— How to complete this task —
Please repeat only the lines below starting at the line that holds "木の伐採には、まず伐採する木" and ending at the line that holds "Obohaťte svou kuchyni", exactly, with both of those lines included and every picture omitted.

— Raw data —
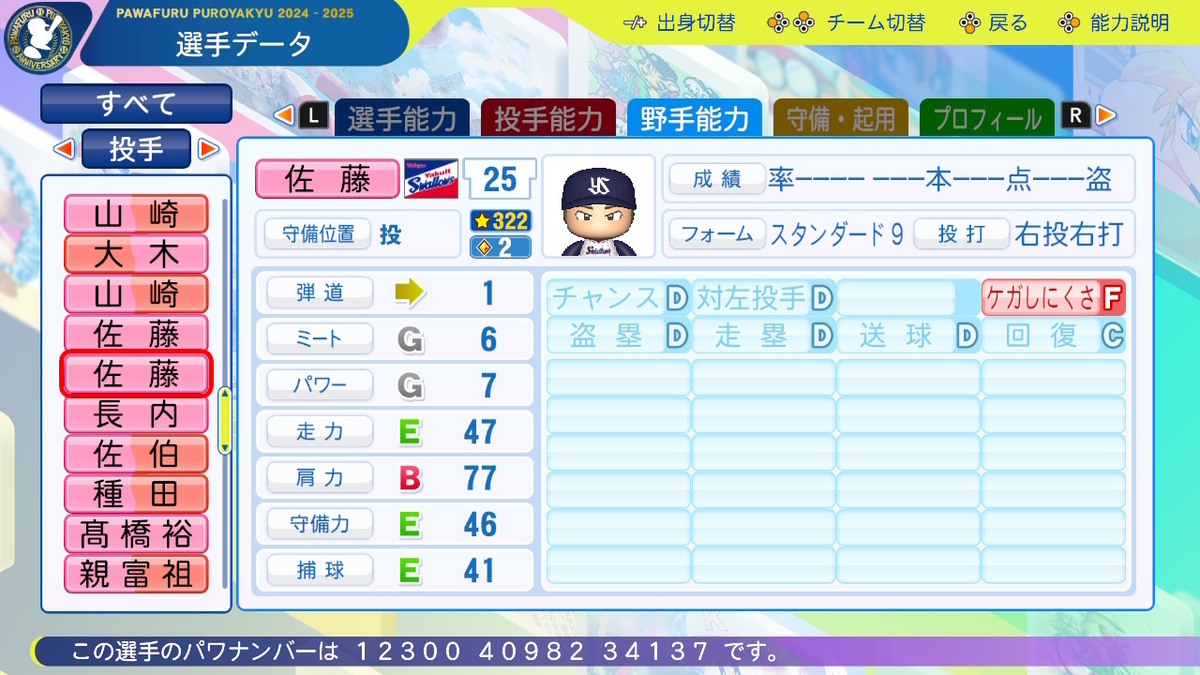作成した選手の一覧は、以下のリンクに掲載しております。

--

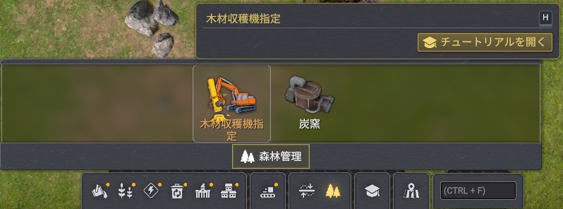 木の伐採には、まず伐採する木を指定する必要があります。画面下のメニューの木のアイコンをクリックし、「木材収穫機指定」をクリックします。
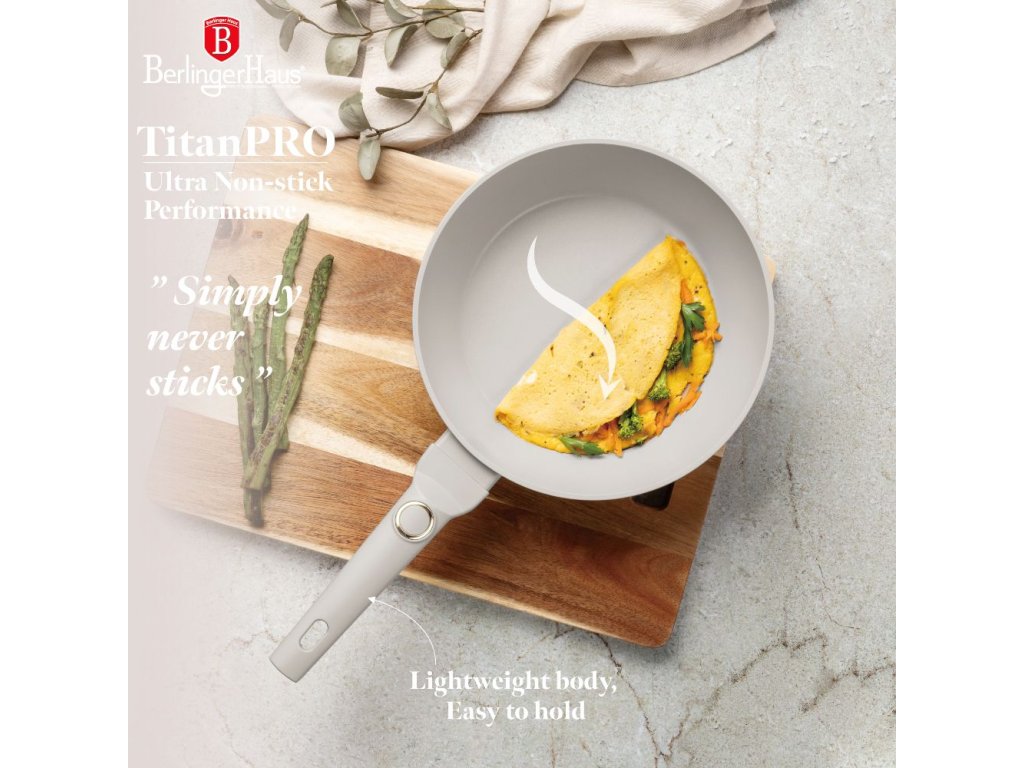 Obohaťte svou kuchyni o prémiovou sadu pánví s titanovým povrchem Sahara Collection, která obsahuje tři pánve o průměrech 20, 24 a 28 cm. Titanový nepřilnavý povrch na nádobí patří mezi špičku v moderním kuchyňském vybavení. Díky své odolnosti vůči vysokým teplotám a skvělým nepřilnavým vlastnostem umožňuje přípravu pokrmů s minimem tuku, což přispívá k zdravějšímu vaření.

---

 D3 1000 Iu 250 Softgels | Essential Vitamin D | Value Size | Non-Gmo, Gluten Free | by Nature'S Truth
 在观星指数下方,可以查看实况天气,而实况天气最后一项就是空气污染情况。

— Problem solution —
 木の伐採には、まず伐採する木を指定する必要があります。画面下のメニューの木のアイコンをクリックし、「木材収穫機指定」をクリックします。
 Obohaťte svou kuchyni o prémiovou sadu pánví s titanovým povrchem Sahara Collection, která obsahuje tři pánve o průměrech 20, 24 a 28 cm. Titanový nepřilnavý povrch na nádobí patří mezi špičku v moderním kuchyňském vybavení. Díky své odolnosti vůči vysokým teplotám a skvělým nepřilnavým vlastnostem umožňuje přípravu pokrmů s minimem tuku, což přispívá k zdravějšímu vaření.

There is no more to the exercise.